Where Statistics and Psychology Intersect
What’s spooky about all this is that science has worked out how to use data analysis to accurately predict human behavior. A discussion of the rising use of big data to predict behavior in the Deloitte Review points out that documentation of how data is superior to humans’ prediction of behavior dates to 1954 and the publication of Clinical Versus Statistical Prediction by the psychologist Paul Meehl.
A more recent example is Michael Lewis’ Moneyball, which recounts the use of statistical analysis to determine how well baseball players would behave on the field and showed that all the professional scouts overlooked what the data proved.

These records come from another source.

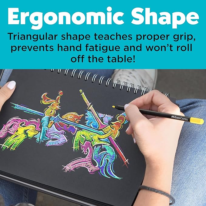 • ERGONOMIC COLORING PENCILS: Faber-Castell colored pencils are pre-sharpened and feature a triangular shape, ensuring the correct grip position with optimum comfort and preventing hand fatigue when drawing and coloring. Just add creativity to bring your adult coloring books, drawings and sketches to life with brilliant color
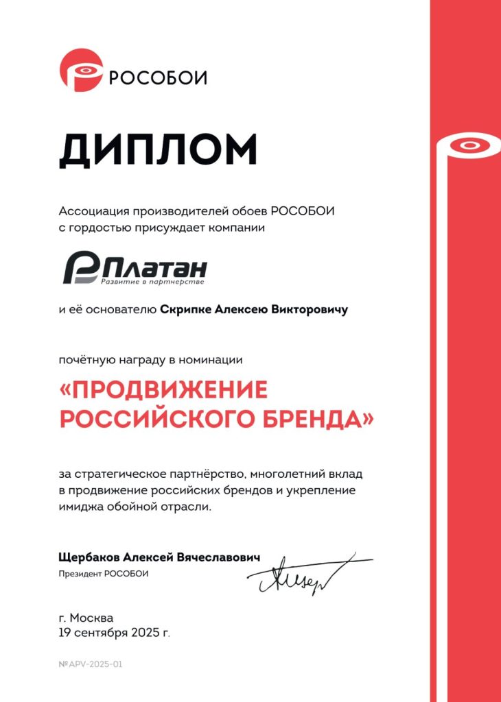 В рамках отраслевого «Семинара избранных», который прошел в Ялте, Ассоциация «Рособои» вручила компании «ПЛАТАН» и ее основателю Алексею Викторовичу Скрипке диплом за весомый вклад в продвижение российского бренда.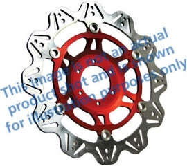 Article Number : VR629RED EAN :5050953626111 Hand built and inspected to minute tolerances Ultra lightweight but strong Patented square drive button system Designed as an OEM improvement Café racer visuals Great fit and superb looks Red centre hub These discs are British made using German mill...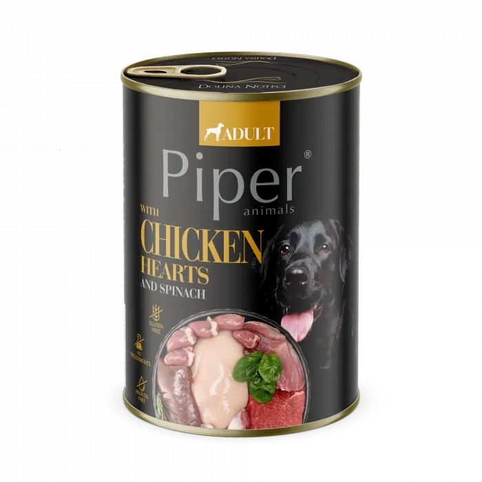 PIPER este o hrană umedă premium, special formulată pentru a oferi câinilor adulți o alimentație echilibrată și ușor digerabilă. Inimile de pui sunt o sursă excelentă de leucină, fenilalanină, fier, cupru și zinc, esențiale pentru sănătatea musculară și metabolism.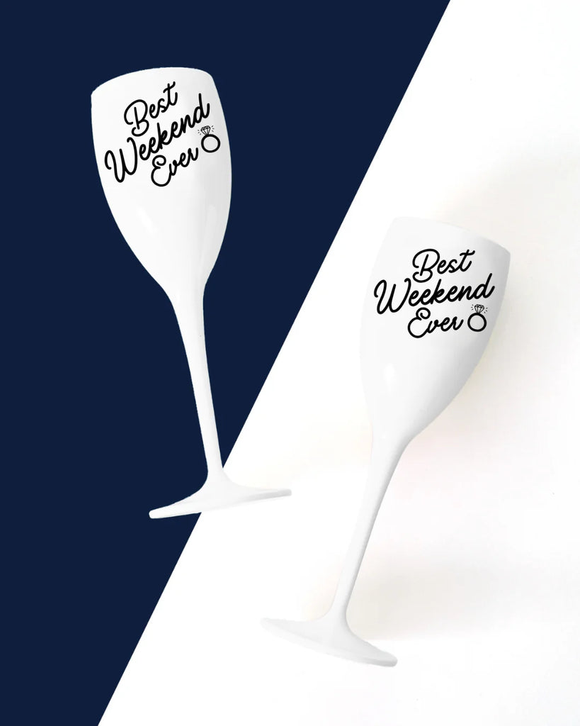 Make your weekend more fun and memorable with the Best Weekend Ever Champagne Flutes. These durable and lightweight flutes will add a chic and festive touch to any occasion. Perfect for cocktail parties, engagement events, weddings, or other special celebrations.

“Meehl’s lesson – routinely echoed in case studies ranging from baseball scouting to evidence-based medicine to university admissions – is that in virtually any domain, statistical analysis can be used to drive better expert decisions,” the study authors write.
“The reason has nothing to do with data volume [i.e., big data is not necessary] and everything to do with human psychology.”
But analysis of big data, which is information about people’s behavior and interactions instead of their beliefs, is taking the capabilities of analytics much, much farther.
I hope I’ve persuaded any doubters or the confused that conversion optimization is a process that relies at least in part on understanding and applying scientific principles. As the sources I cite also say, there’s an art to it, as well.
But please don’t make me explain “art.” You’ll know it when you see it.